I've been struggling with some odd corner cases of free variables and eval/exec in Python.

There is a long-standing bug report that you can't access free variables when you created a nested code block with eval or exec--for example, putting a lambda in an expression passed to eval. It works if the variable happens to be free in the text of the function containing the eval, but only then. The bug report claimed that Scheme worked differently, but I don't think Scheme provides a way to capture an arbitrary environment to pass to eval; it only provides access to top-level environments.

The name locals() is misleading.

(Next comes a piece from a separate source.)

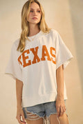 Boxy short-sleeve sweatshirt with bold 'TEXAS' varsity print and ribbed trims.

It returns free variables as well as local variables. The name suggests that this behavior is wrong, but it is necessary to make exec and eval work with free variables. The function returns the names visible in the current scope.

The discussion here is actually about much more than locals(). The same basic issues arise when you use exec or import * in a block or when you use the debugger or some other trace function installed via sys.settrace(). In all these cases, we extract variables in a dictionary to support introspection.

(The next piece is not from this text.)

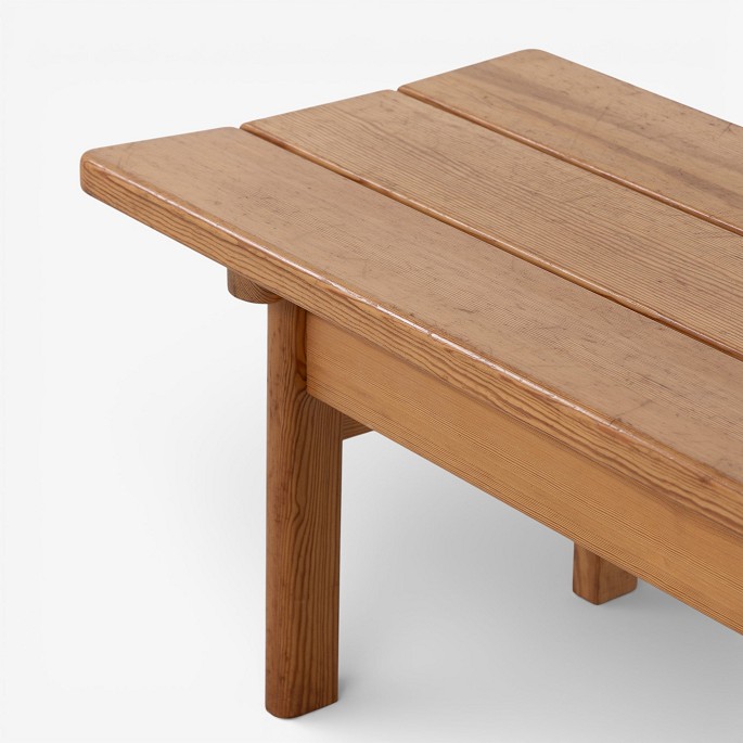 Bænk i massiv, lakeret fyrretræ. Mærket fra producent.

There is still a problem with locals(), which results from the use of locals() in debugging. The implementation makes sure that changes made to the locals dict are reflected in the running program in many cases. In old versions of Python, local variables were stored in a dictionary and locals() returned the actual dictionary. This feature is useful in the debugger. When the implementation changed to use a simple C array instead of a dict, the interpreter arranged to copy variables back and forth between the dictionary and the array when the debugger was used. (This behavior is also needed to make features like exec and import * work.)

In many cases, it is fine to copy free variables into the dictionary returned by locals. If changes are made to those variables, they can be written back to the appropriate part of the closure rather than creating local variables that shadow the free variables.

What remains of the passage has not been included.